Unsupervised Cross-Modal Hashing Based on Feature Fusion

LIANG Tianyou, MENG Min, WU Jigang   

  1. School of Computer, Guangdong University of Technology, Guangzhou 510006, China
  • Received:2022-01-25 Revised:2022-03-16 Published:2022-07-19

摘要: 已有的无监督跨模态哈希(UCMH)方法主要关注构造相似矩阵和约束公共表征空间的结构,忽略了2个重要问题:一是它们为不同模态的数据提取独立的表征用以检索,没有考虑不同模态之间的信息互补;二是预提取特征的结构信息不完全适用于跨模态检索任务,可能会造成一些错误信息的迁移。针对第一个问题,提出一种多模态表征融合结构,通过对不同模态的嵌入特征进行融合,从而有效地综合来自不同模态的信息,提高哈希码的表达能力,同时引入跨模态生成机制,解决检索数据模态缺失的问题;针对第二个问题,提出一种相似矩阵动态调整策略,在训练过程中用学到的模态嵌入自适应地逐步优化相似矩阵,减轻预提取特征对原始数据集的偏见,使其更适应跨模态检索,并有效避免过拟合问题。基于常用数据集Flickr25k和NUS-WIDE进行实验,结果表明,通过该方法构建的模型在Flickr25k数据集上3种哈希位长检索的平均精度均值较DGCPN模型分别提高1.43%、1.82%和1.52%,在NUS-WIDE数据集上分别提高3.72%、3.77%和1.99%,验证了所提方法的有效性。

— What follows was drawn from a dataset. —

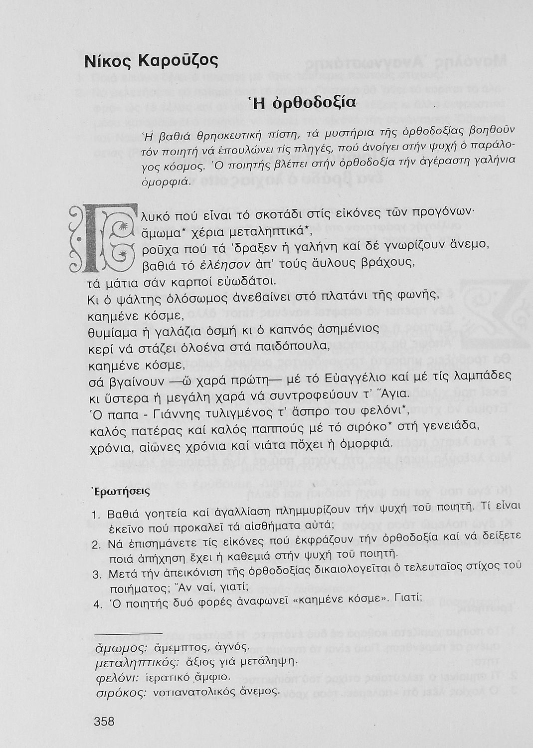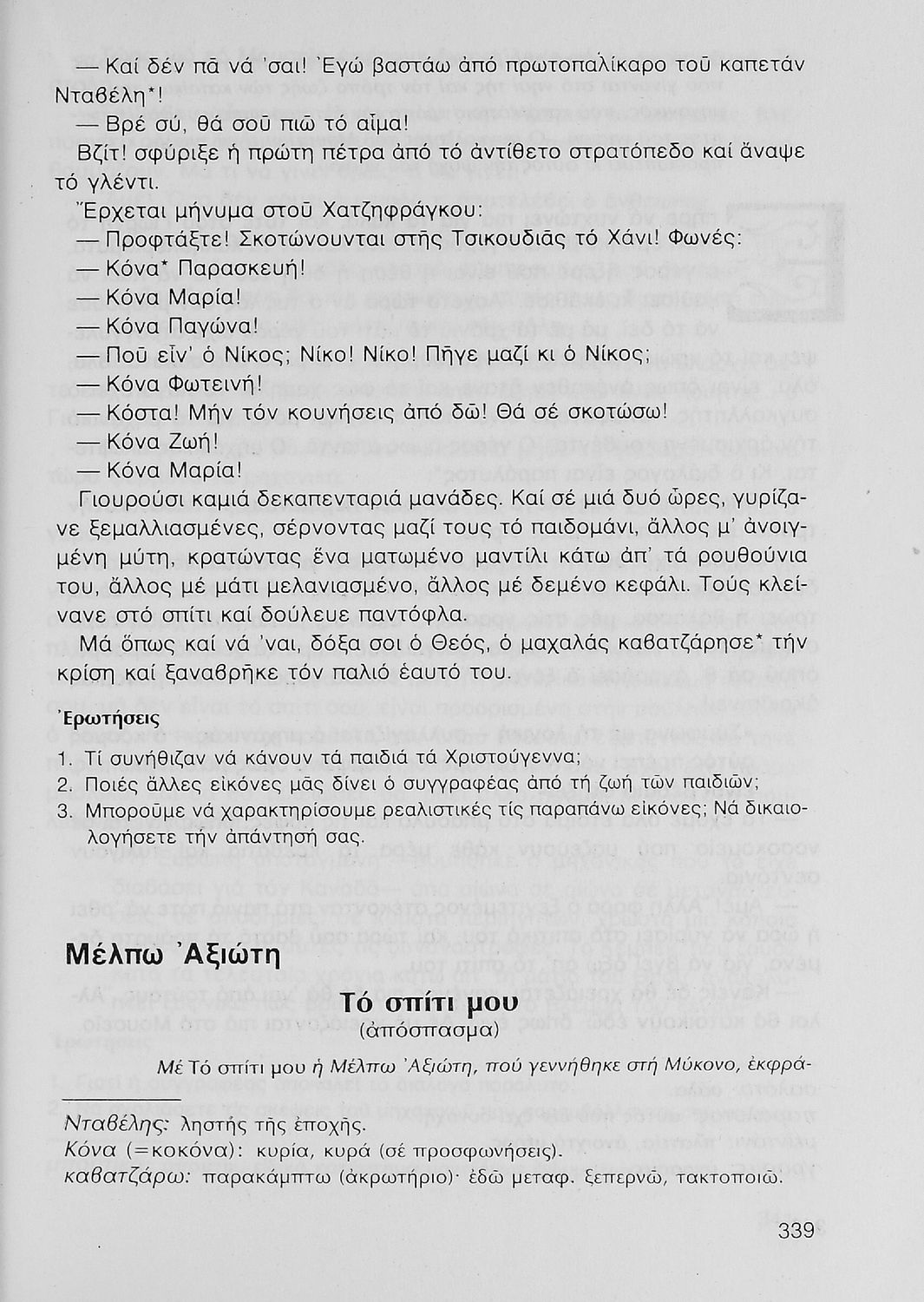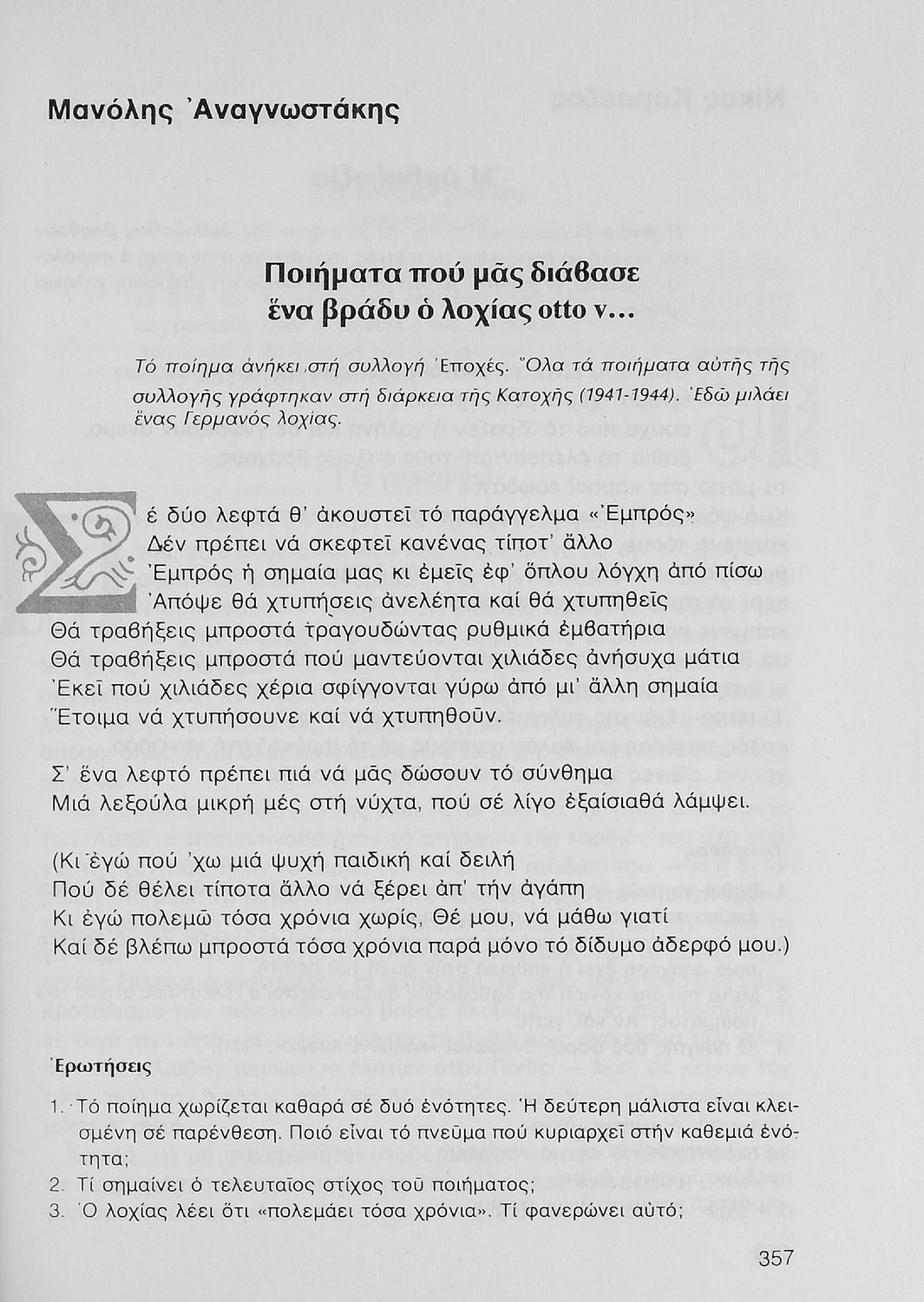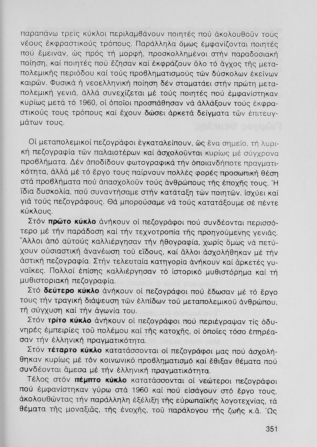 Σχολικό εγχειρίδιο Νέων Ελληνικών Γ΄ Γυμνασίου που περιλαμβάνει δημοτικά τραγούδια, και χαρακτηριστικά δείγματα της κρητικής λογοτεχνίας, της επτανησιακής και ρομαντικής σχολής, της Νέας Αθηναϊκής Σχολής και της νεότερης και μεταπολεμικής λογοτεχνίας. Περιέχει και έργα σύγχρονων ξένων συγγραφέων, βιογραφικά και εισαγωγικά σημειώματα.

关键词: 无监督, 跨模态, 检索, 哈希, 深度学习

Abstract: Most of the Unsupervised Cross-Modal Hashing(UCMH) methods focus on the construction of a similarity matrix from the pre-extracted features and the structure control of the common representation space.However, two critical problems need to be addressed.First, the complementarity among different modalities is ignored in most studies.Second, the structural information in the pre-extracted features is partially compatible with the cross-modal retrieval task, which may cause a negative transfer.To address the first problem, this study proposes a multimodal fusion architecture.By fusing the embeddings from different modalities, the information from each modal can be integrated effectively;thus, the expressiveness of the hash codes can be improved.It also proposes a cross-modal generation mechanism to serve as an out-of-sample solution for test query data.For the second problem, this study proposes a dynamic updating strategy of the similarity matrix, which adapts it gradually with the learning embeddings in the training procedure to relieve the Bias in pre-extracted features towards the original dataset and make the similarity matrix suitable for the cross-modal retrieval task.Experiments are conducted on two widely used datasets, Flickr25k and NUS-WIDE.Consequently, the proposed method achieved improvements of 1.43%, 1.82%, and 1.52% in terms of mAP on the Flickr25k dataset with three different hash code lengths, and 3.72%, 3.77%, and 1.99% on NUS-WIDE, which demonstrates the efficacy of the proposed method.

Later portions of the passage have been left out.